Romney tiene desafíos de forma y de contenido en el debate. De forma, porque sigue siendo visto como alguien distante, como un individuo de mucho dinero sí, pero que -o quizá precisamente por eso- le cuesta hacer una conexión directa con el público. Esa conexión visceral, o ganar su confianza, que se necesita para que alguien le de el voto a un candidato a presidente. De contenido, porque su relativo éxito en las encuestas -aun con todos sus errores sigue de cerca a Obama- ha estado basado en la crítica al mal manejo económico del presidente. A que este no ha podido crear los millones de trabajos que el país demanda. A Romney le ha faltado sin embargo, dar una razón convincente por la cual hay que votar por él.

En una frase, Romney no ha dicho cómo conseguirá eso de lo que tanto critica a Obama, los trabajos para los más de 20 millones de individuos desempleados o trabajadores de medio tiempo. Esto no es fácil hacerlo en una breve respuesta a una pregunta del moderador, pero esa es precisamente la magia y lo particular de los debates.

No es que la gente espera -o haya oportunidad- de una exposición larga y detallada sobre lo que será su política de empleo. Es simplemente que en dos minutos o menos tiene que decir lo suficiente y con un lenguaje corporal que de seguridad y confianza para convencer a millones de televidentes. Será una buena oportunidad por cierto, para que Romney elabore además sobre cómo empatará lo de los recortes de impuestos que propone con el déficit estatal que él mismo critica se ha proundizado con las politicas del presidente.

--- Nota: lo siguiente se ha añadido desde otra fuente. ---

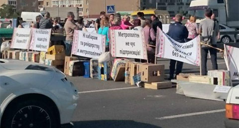“У районі станції метро “Харківська” близько 50 чоловік заблокували дорожній рух по проспекту Бажана в обох напрямках. У такий спосіб приватні підприємці виступають проти демонтажу торгових павільйонів, розміщених у підземному переході метро”, – йдеться в повідомленні.

Romney tuvo un buen entrenamiento en debates con lo que en su momento parecieron los interminables debates de la primaria republicana. La diferencia sin embargo, es que en casi todos esos encuentros era el de un Romney que iba adelante en las encuestas. Llegó ahí a defenderse de rivales que por cierto ninguno tenía la capacidad oratoria y/o experiencia de Obama. Hoy Rommney llega al podium como el que necesita lanzarse al ataque y ante un rival que hace cuatro años mostró en sus debates, primero con Hillary Clinton y luego con John McCain, que algo o mucho conoce del asunto.

Cualquier resultado que no sea un triunfo claro será perjudicial para Romney. Semana tras semana las encuestas se han ido consolidando en favor de Obama, en especial en esos estados como Ohio, Florida, Iowa y otros que inclinarán la balanza de la elección para uno u otro lado. Romney está urgido de un cuadrangular, de algo que haga temblar la campaña presidencial, de lo contrario corre el riesgo que como en la elección de 1996 (Bill Clinton contra Bob Dole) y en cierta medida en la de 2008 entre Obama y McCain, se forme en la opinión pública la idea de que lo del triunfo de Obama es inevitable.

El debate de hoy miércoles y los dos que vendrán luego serán vistos por millones de televidentes. Cada votante por supuesto, sacará sus conclusiones de lo que observe. Con todo, la historia muestra que mucho de la narrativa sobre el quién ganó y quién perdió se forma con las opiniones de la prensa, expertos, analistas, comentaristas y demás personajes que hablan y opinan la noche del debate y en los días siguientes.

Más allá de quien sea el ganador o el perdedor, de si Romney consigue el nocaut y le da vuelta a la contienda, o de si el Obama-no-drama mantiene las aguas tranquilas para que todo siga igual en las encuestas, lo cierto es que este primer debate marca el inicio de la recta final en la elección presidencial.